> _Task objective_
Excluding pictures, what does the listing below contain from the line with "Sandflow — это" up to and including the line with "Yad Vashem - Pages", word for word?

> _Task material_
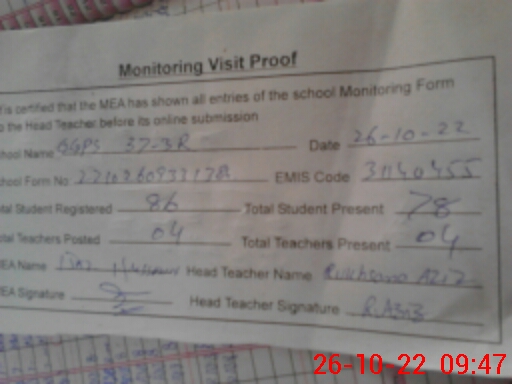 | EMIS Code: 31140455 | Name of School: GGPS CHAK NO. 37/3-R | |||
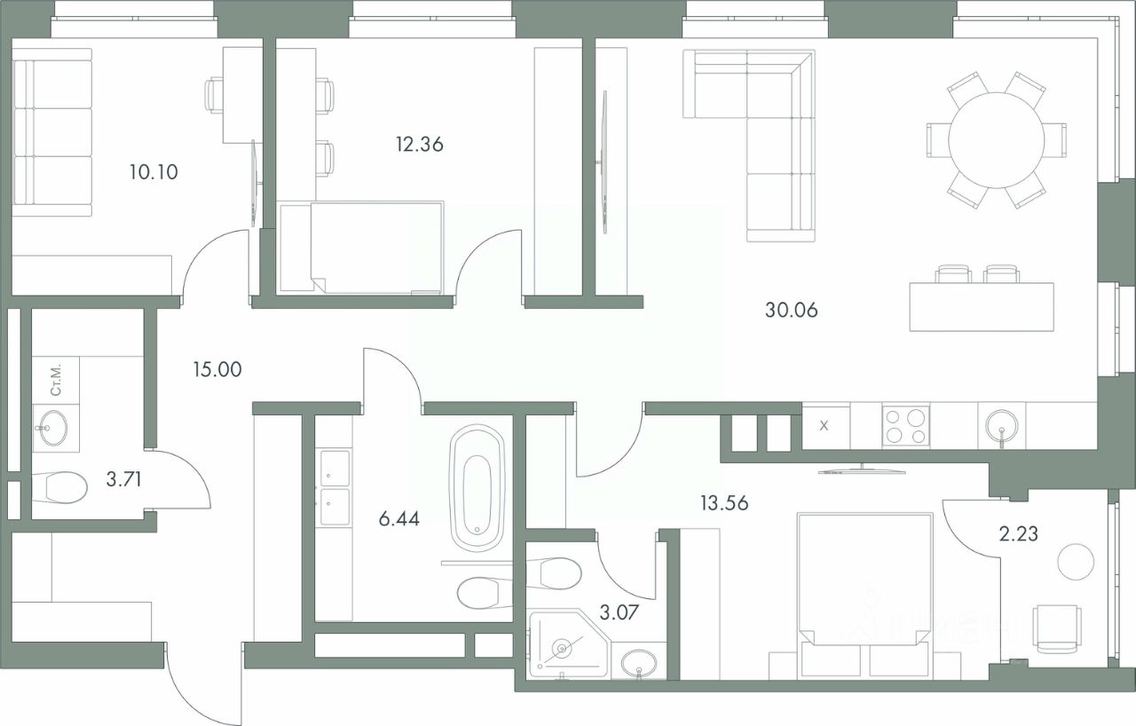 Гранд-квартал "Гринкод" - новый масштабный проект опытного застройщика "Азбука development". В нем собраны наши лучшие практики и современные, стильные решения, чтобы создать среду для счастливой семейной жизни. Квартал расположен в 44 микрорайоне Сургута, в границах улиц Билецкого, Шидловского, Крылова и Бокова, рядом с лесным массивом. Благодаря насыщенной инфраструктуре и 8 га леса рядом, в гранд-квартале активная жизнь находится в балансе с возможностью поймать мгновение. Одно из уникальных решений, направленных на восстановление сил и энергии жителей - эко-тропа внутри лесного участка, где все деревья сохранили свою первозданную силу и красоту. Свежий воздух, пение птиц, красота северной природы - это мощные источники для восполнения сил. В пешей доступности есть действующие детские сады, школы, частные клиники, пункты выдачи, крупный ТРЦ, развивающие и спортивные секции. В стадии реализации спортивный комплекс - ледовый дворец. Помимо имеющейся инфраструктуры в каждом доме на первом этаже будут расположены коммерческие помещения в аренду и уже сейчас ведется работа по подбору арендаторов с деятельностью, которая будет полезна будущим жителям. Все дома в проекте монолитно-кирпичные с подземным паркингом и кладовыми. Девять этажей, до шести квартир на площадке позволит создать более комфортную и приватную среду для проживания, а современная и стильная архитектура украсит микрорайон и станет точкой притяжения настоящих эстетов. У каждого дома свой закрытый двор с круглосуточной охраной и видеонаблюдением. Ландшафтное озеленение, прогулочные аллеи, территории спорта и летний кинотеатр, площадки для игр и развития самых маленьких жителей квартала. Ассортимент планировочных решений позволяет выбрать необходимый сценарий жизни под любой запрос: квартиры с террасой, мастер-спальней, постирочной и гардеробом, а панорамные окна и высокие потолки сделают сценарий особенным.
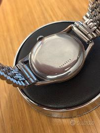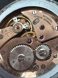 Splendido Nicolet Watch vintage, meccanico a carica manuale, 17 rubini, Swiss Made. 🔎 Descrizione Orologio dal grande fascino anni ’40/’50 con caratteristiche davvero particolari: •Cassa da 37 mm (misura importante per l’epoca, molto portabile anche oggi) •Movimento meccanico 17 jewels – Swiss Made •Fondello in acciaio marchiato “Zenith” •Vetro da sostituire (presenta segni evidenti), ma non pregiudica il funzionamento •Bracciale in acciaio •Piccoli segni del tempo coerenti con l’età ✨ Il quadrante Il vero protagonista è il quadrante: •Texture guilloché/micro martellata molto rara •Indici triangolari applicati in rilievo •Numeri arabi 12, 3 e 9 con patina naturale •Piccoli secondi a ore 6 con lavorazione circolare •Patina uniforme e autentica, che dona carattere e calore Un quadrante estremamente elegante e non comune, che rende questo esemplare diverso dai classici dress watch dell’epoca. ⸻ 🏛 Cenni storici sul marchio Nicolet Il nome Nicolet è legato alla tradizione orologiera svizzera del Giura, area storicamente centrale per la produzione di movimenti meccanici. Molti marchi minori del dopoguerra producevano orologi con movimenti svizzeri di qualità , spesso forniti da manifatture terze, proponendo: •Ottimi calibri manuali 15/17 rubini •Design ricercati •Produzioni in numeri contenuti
---
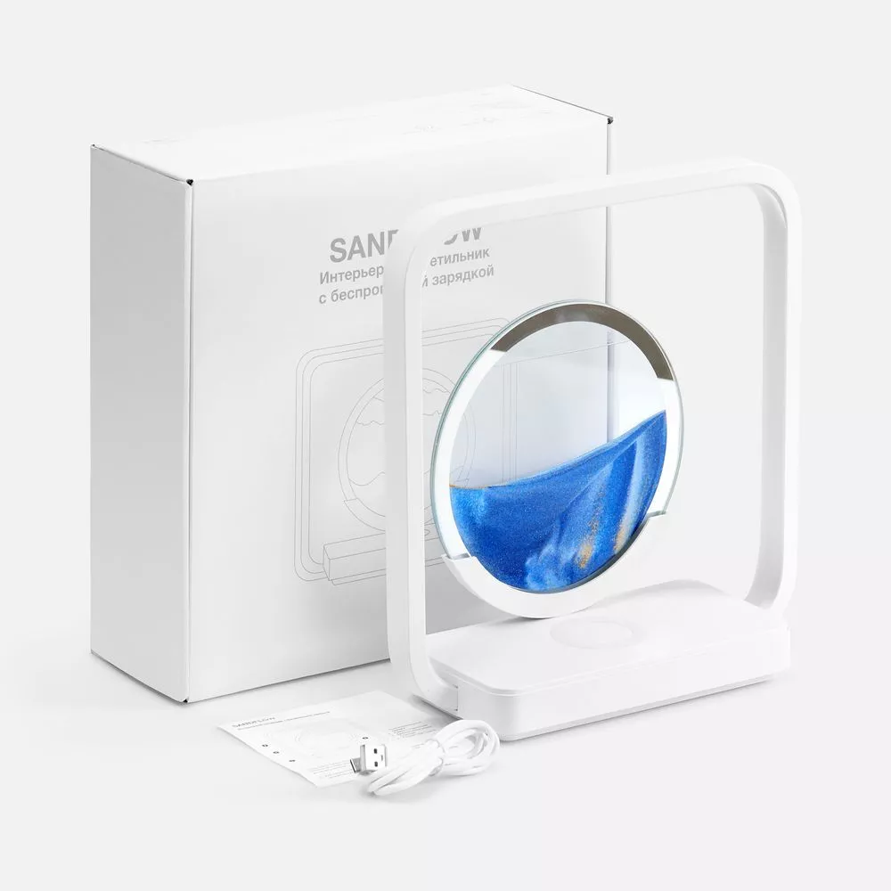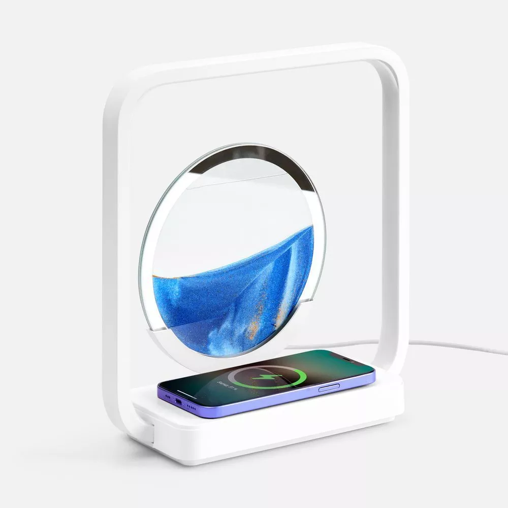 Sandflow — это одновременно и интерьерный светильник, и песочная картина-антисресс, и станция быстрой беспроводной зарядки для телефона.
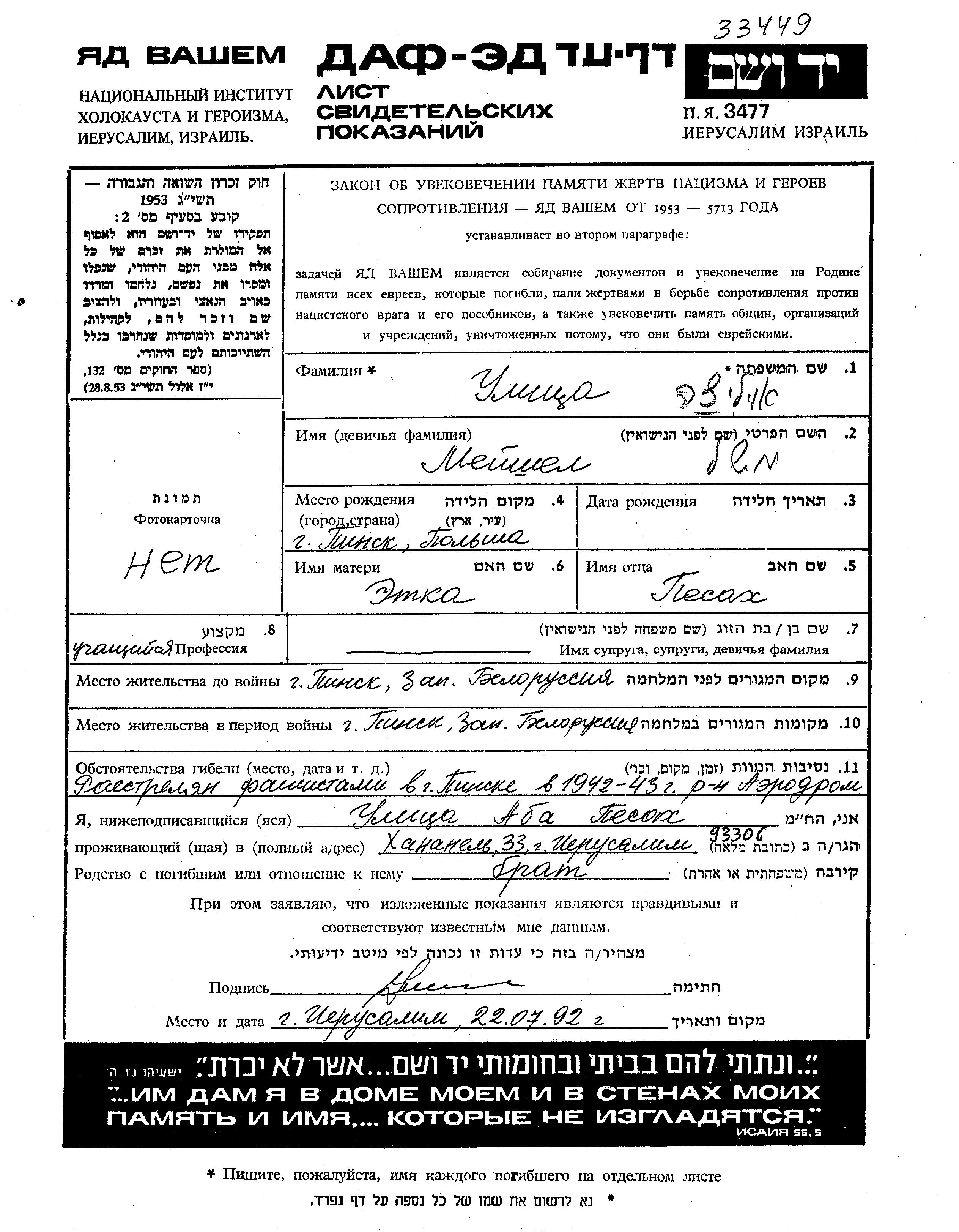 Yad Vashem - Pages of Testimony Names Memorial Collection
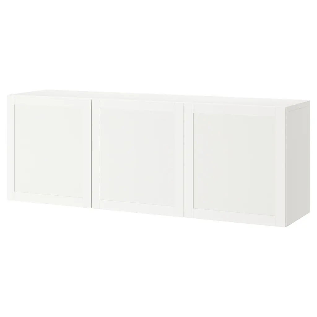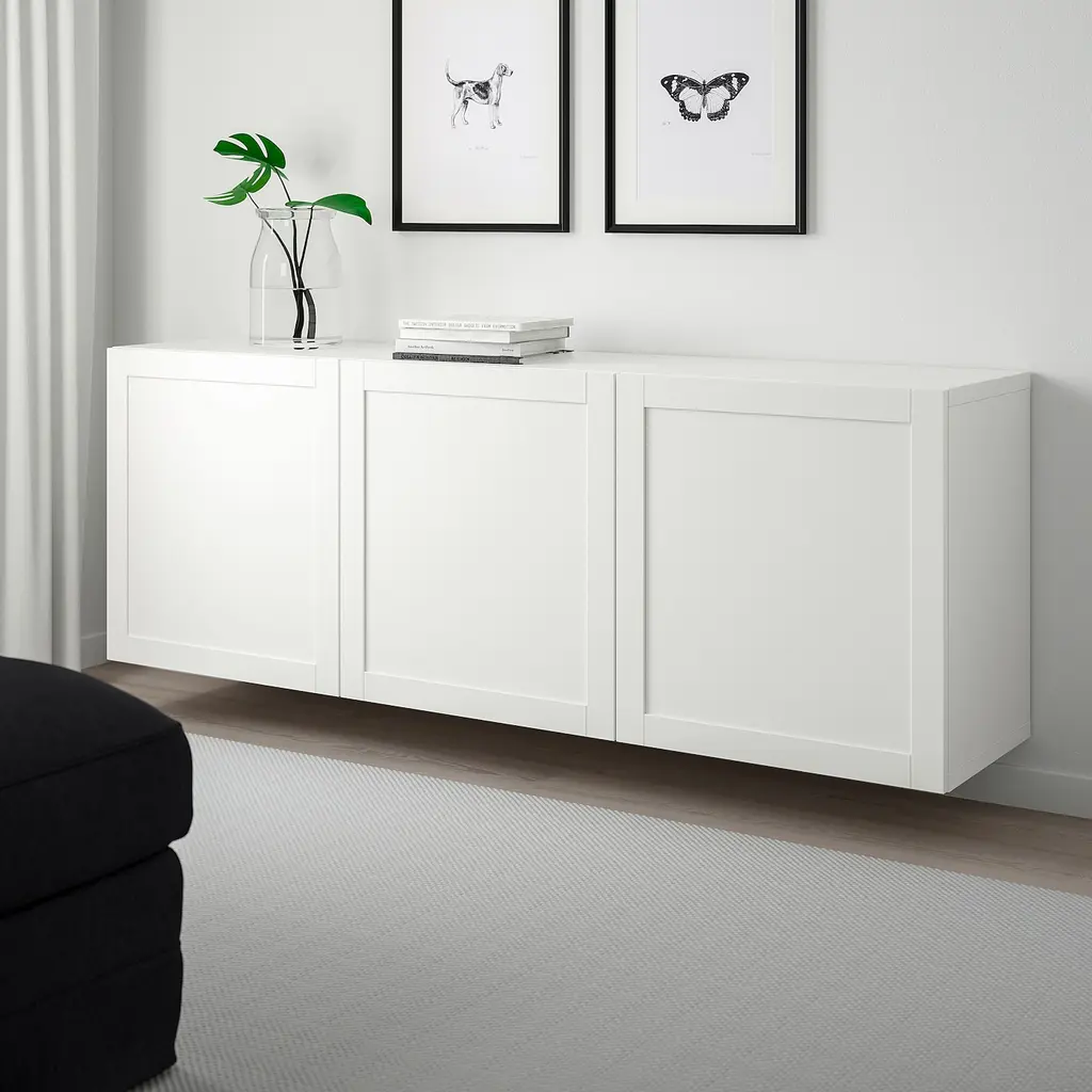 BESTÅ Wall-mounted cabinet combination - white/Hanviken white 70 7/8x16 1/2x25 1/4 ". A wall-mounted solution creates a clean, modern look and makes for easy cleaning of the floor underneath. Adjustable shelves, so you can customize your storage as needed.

> _Response_
 Sandflow — это одновременно и интерьерный светильник, и песочная картина-антисресс, и станция быстрой беспроводной зарядки для телефона.
 Yad Vashem - Pages of Testimony Names Memorial Collection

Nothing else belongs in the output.